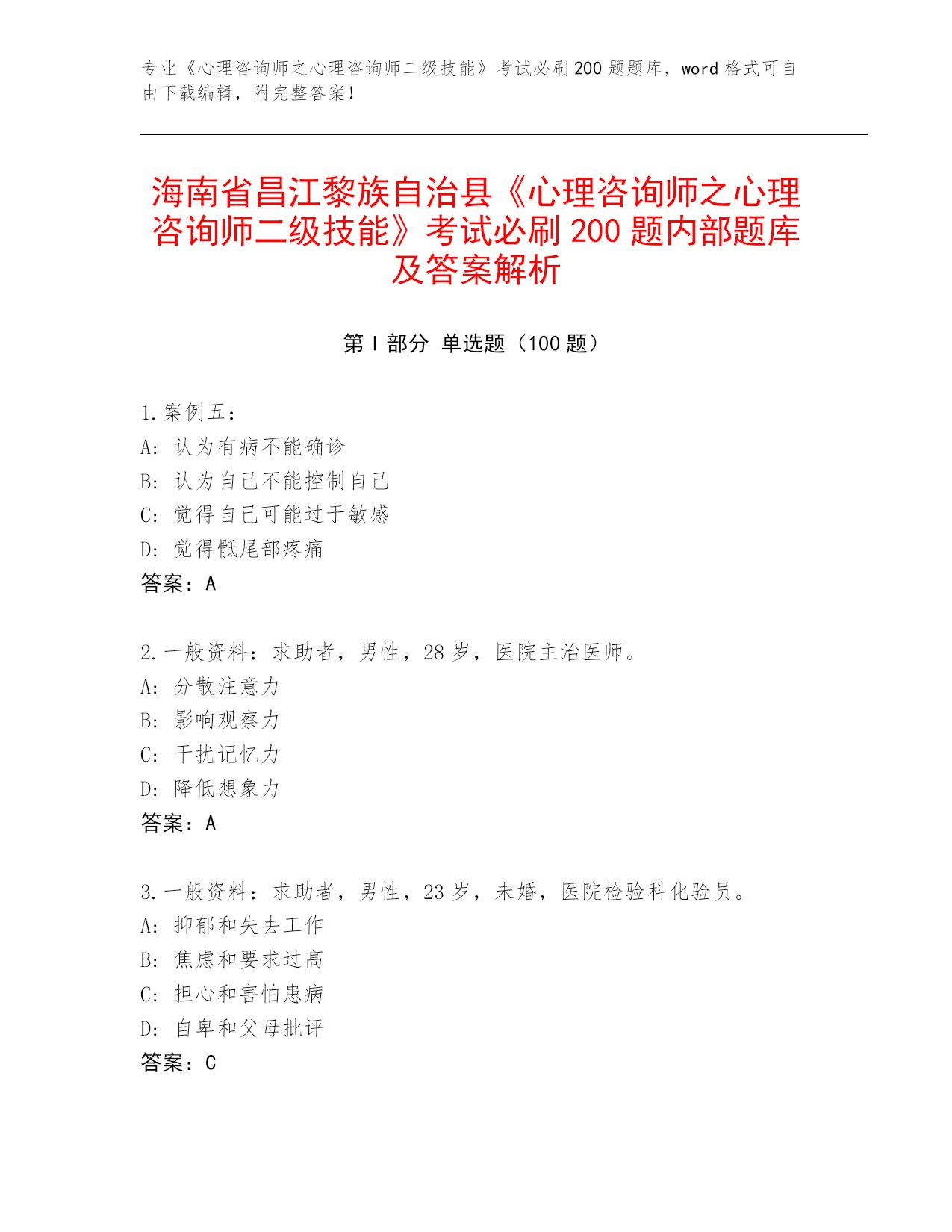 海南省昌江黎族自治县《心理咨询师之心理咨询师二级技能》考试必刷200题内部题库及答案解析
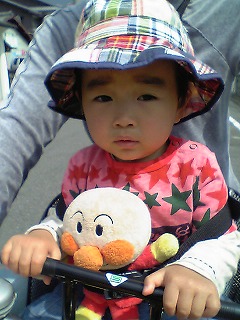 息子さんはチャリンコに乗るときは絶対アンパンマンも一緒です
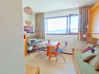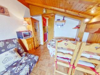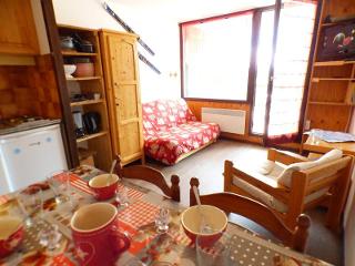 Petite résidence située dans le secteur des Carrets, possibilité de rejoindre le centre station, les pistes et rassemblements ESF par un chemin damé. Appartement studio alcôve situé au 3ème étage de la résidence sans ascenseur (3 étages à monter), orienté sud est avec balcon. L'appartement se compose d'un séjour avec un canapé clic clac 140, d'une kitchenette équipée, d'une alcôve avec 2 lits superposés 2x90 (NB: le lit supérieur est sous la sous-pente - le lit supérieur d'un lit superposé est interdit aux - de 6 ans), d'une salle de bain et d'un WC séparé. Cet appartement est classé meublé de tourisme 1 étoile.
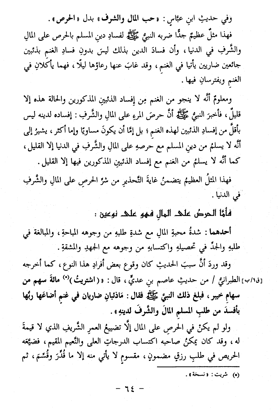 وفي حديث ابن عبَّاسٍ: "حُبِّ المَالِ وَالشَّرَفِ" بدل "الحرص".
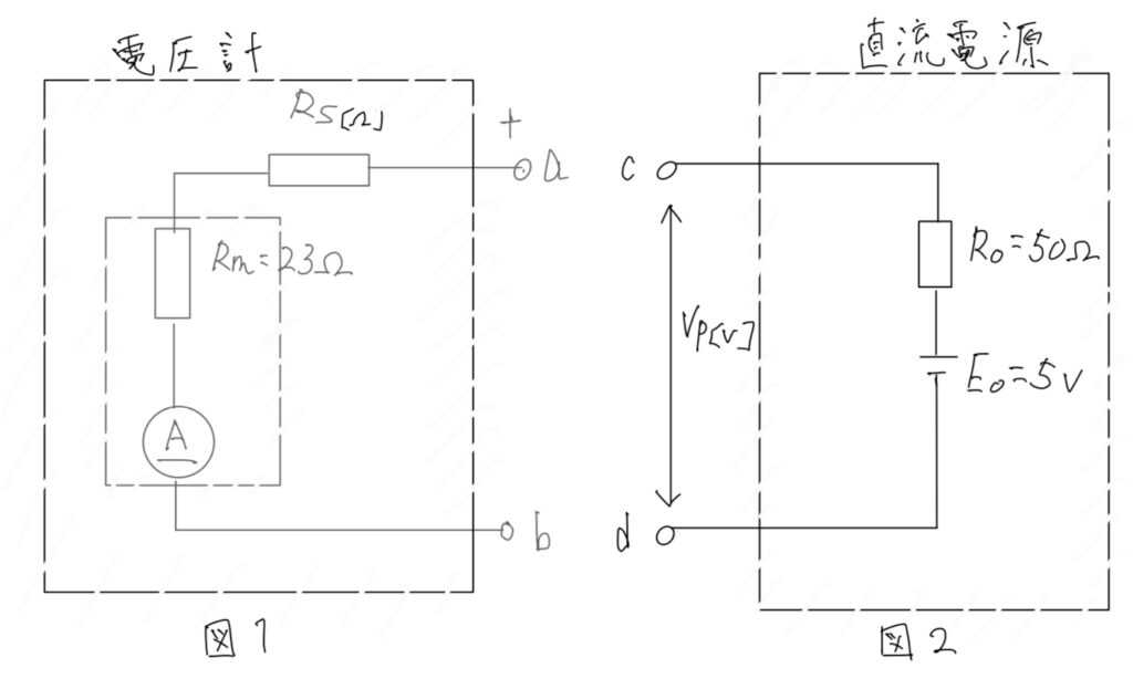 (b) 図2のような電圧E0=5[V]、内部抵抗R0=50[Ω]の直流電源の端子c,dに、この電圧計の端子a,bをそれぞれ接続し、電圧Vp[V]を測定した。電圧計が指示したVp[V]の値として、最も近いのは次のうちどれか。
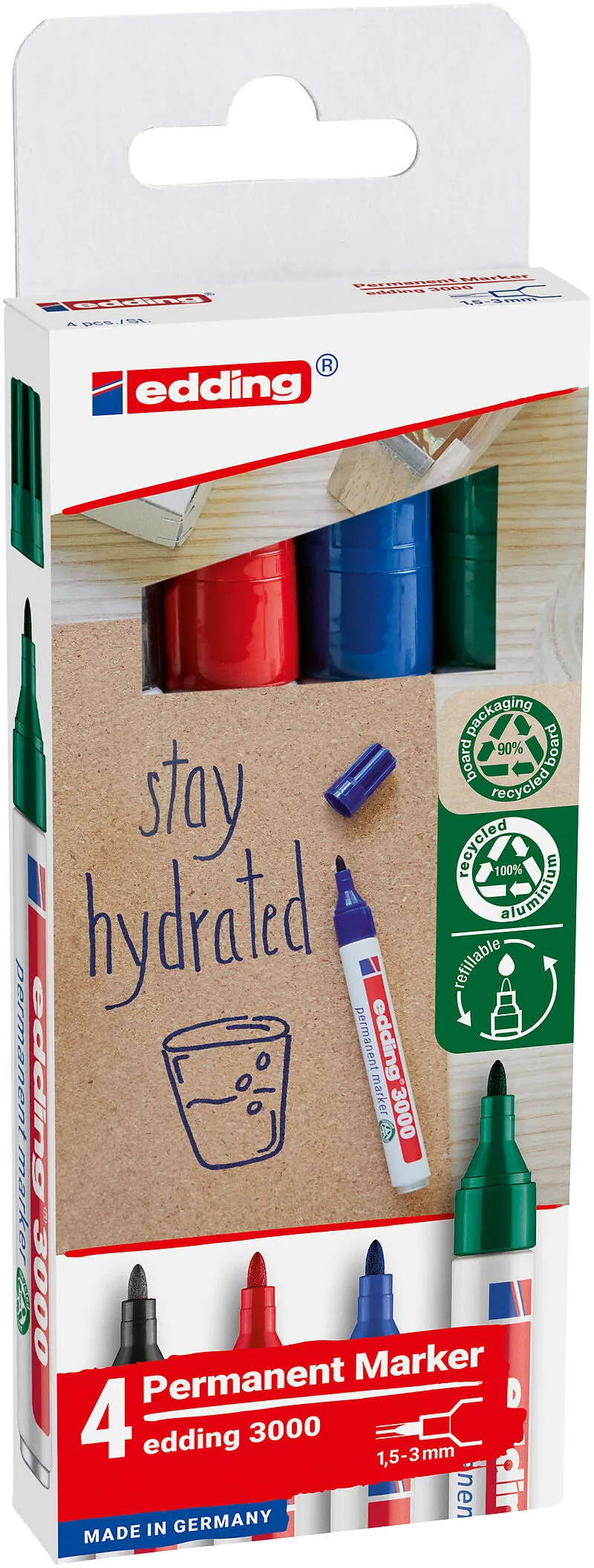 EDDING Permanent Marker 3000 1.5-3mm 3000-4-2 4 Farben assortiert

:::::

Problem requirements >> Please give again only the lines from the one containing "息子さんはチャリンコに乗るときは絶対アンパンマンも一緒です" through the last line of the entries above, exactly as they stand and without pictures.

Answer to this problem >>
 息子さんはチャリンコに乗るときは絶対アンパンマンも一緒です
 Petite résidence située dans le secteur des Carrets, possibilité de rejoindre le centre station, les pistes et rassemblements ESF par un chemin damé. Appartement studio alcôve situé au 3ème étage de la résidence sans ascenseur (3 étages à monter), orienté sud est avec balcon. L'appartement se compose d'un séjour avec un canapé clic clac 140, d'une kitchenette équipée, d'une alcôve avec 2 lits superposés 2x90 (NB: le lit supérieur est sous la sous-pente - le lit supérieur d'un lit superposé est interdit aux - de 6 ans), d'une salle de bain et d'un WC séparé. Cet appartement est classé meublé de tourisme 1 étoile.
 وفي حديث ابن عبَّاسٍ: "حُبِّ المَالِ وَالشَّرَفِ" بدل "الحرص".
 (b) 図2のような電圧E0=5[V]、内部抵抗R0=50[Ω]の直流電源の端子c,dに、この電圧計の端子a,bをそれぞれ接続し、電圧Vp[V]を測定した。電圧計が指示したVp[V]の値として、最も近いのは次のうちどれか。
 EDDING Permanent Marker 3000 1.5-3mm 3000-4-2 4 Farben assortiert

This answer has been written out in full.